Influencer filming video on iPhone.
Aussies investors are trusting the advice of financial influencers, despite recent crack downs on the industry. (Source: Getty)

Would you trust the advice of a finance influencer? Eleven per cent of Aussie investors say they do, new research reveals.

Financial influencers (known as ‘finfluencers’) have gained popularity in recent years on platforms like TikTok and Instagram. Many of these influencers are not licensed to give financial advice, but some investors still believe they are trustworthy.

According to a survey of 1,300 investors by share trading and superannuation platform Superhero, young people are more likely to trust finfluencers.

One in five Superhero investors (20 per cent) aged between 18 and 24 said they trusted finance content creators.
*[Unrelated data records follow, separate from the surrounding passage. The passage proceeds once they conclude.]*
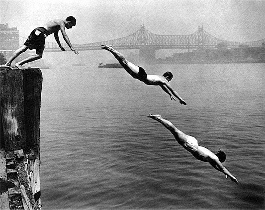 View of the Statue of Liberty and the Manhattan and Brooklyn Bridges with a tugboat moving a barge, NYC, 1996 / src: Magnum Photos
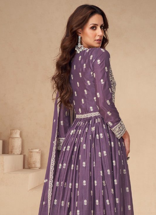 Purple Chinnon Silk Embroidered Anarkali Gown with Dupatta for Indian Wedding and Pakistani Festival
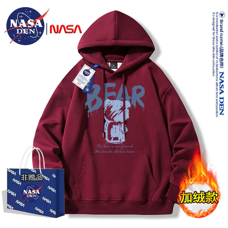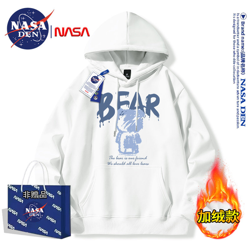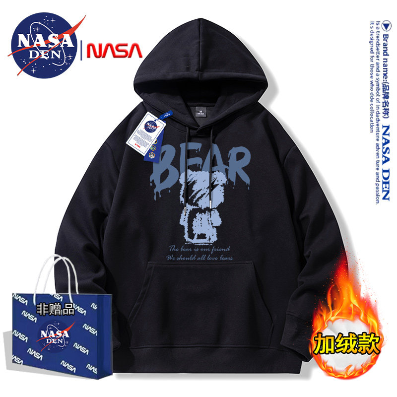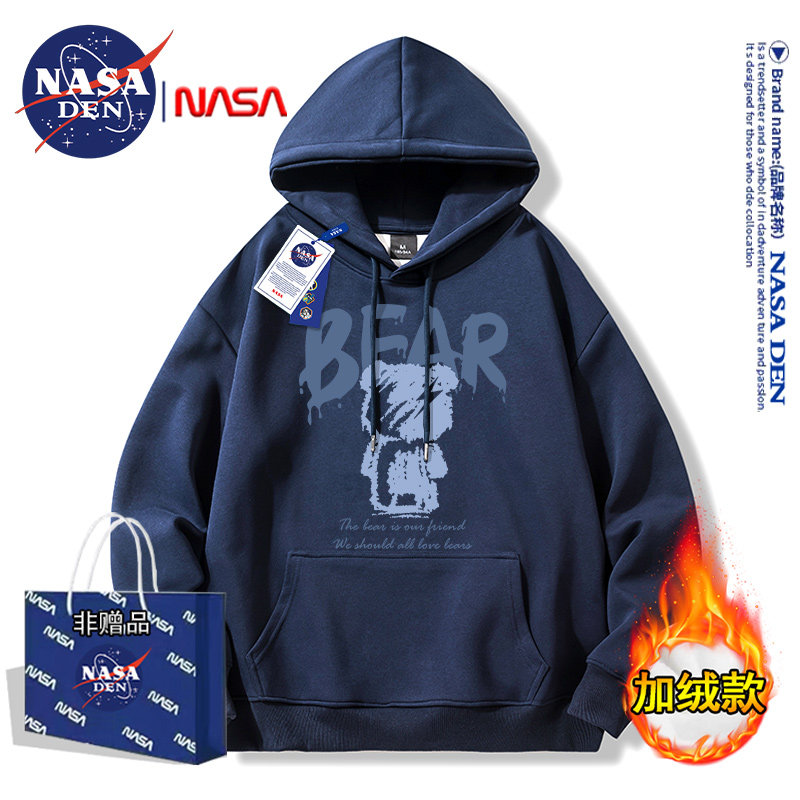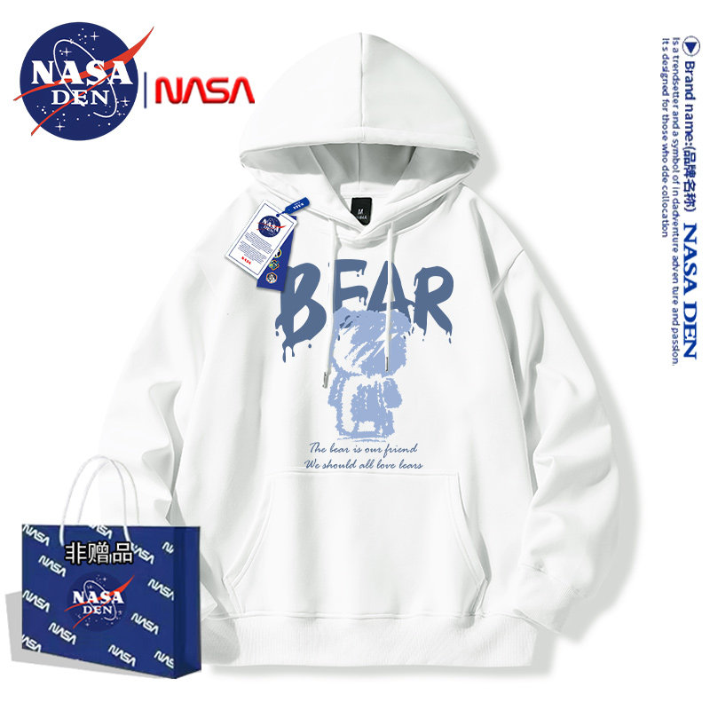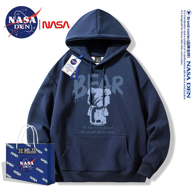 Nasa Collaboration Japanese-Style Simple Heavyweight Long-Sleeve Sweatshirt for Men and Women, Fashionable Casual Loose Versatile Hooded Top
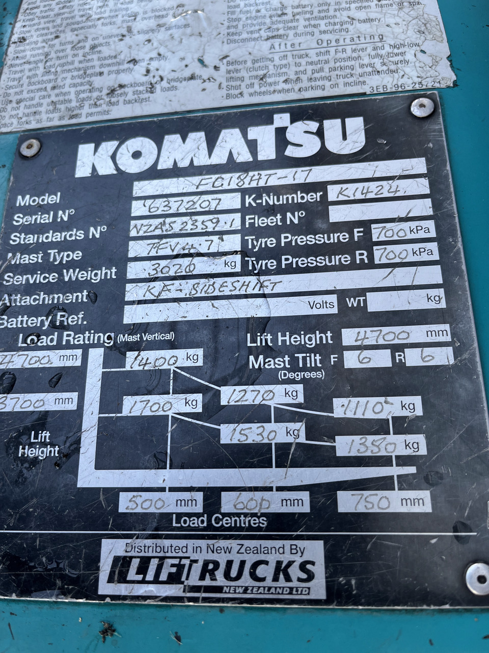 Lot #73 - KOMATSU 18 FORKLIFT (NON RUNNER). SEE PHOTOS FOR DETAILS
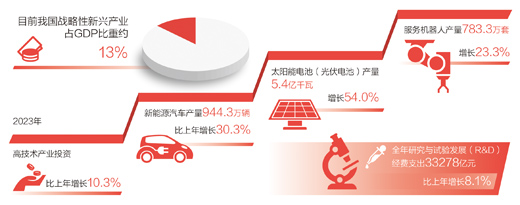 發(fā)展壯大戰(zhàn)略性新興產(chǎn)業(yè)?!皯?zhàn)略性新興產(chǎn)業(yè)具有創(chuàng)新活躍、技術(shù)密集等特點(diǎn),為新質(zhì)生產(chǎn)力發(fā)展壯大提供了巨大空間。”高文代表說,近年來,我國戰(zhàn)略性新興產(chǎn)業(yè)蓬勃發(fā)展,目前戰(zhàn)略性新興產(chǎn)業(yè)占GDP比重約13%。
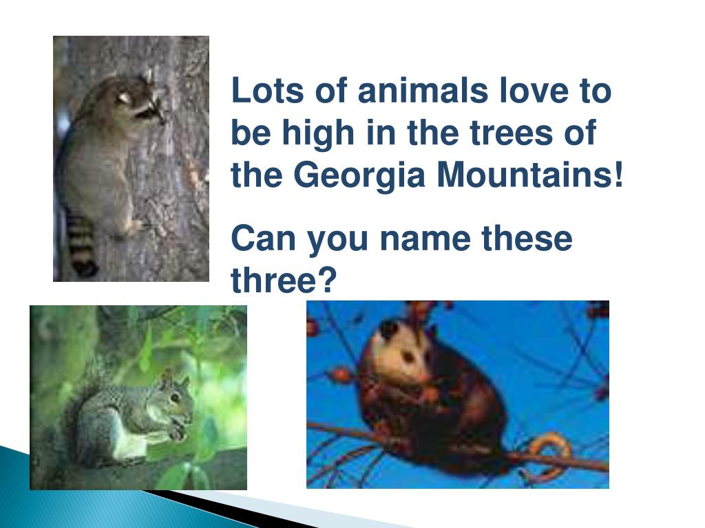 Lots of animals love to be high in the trees of the Georgia Mountains! Can you name these three?

This was in stark contrast to investors over 55, with just 5 per cent of that group saying they found finfluencers trustworthy.

Female investors were also more likely to trust finfluencers (15 per cent), compared to male investors (9 per cent).

“The role of finfluencers and social media content creators sharing advice with Australians has been an incredibly hot topic over the last six months,” Superhero CEO and co-founder, John Winters, said.

“What’s clear from our research is that Superhero investors recognise the level of risk that comes with following financial advice shared by unqualified people.”

Trusting finfluencers can be risky

Many finfluencers are not licensed to give financial advice. That means investors don’t have protections if they follow their advice and things go belly up.

ASIC has recently cracked down on the industry. The corporate watchdog warned unlicensed influencers they could face up to five years’ jail time or fines of over $1 million if they talk about stocks, investment funds or financial products.

It comes as more Aussies learn about finances through social media. A recent ASIC survey found 41 per cent of Aussie investors source information from social media, including YouTube (20 per cent), Facebook (11 per cent), podcasts (10 per cent) and financial influencers (10 per cent).

Half of those surveyed admitted they have invested in things because “they didn’t want to miss out”.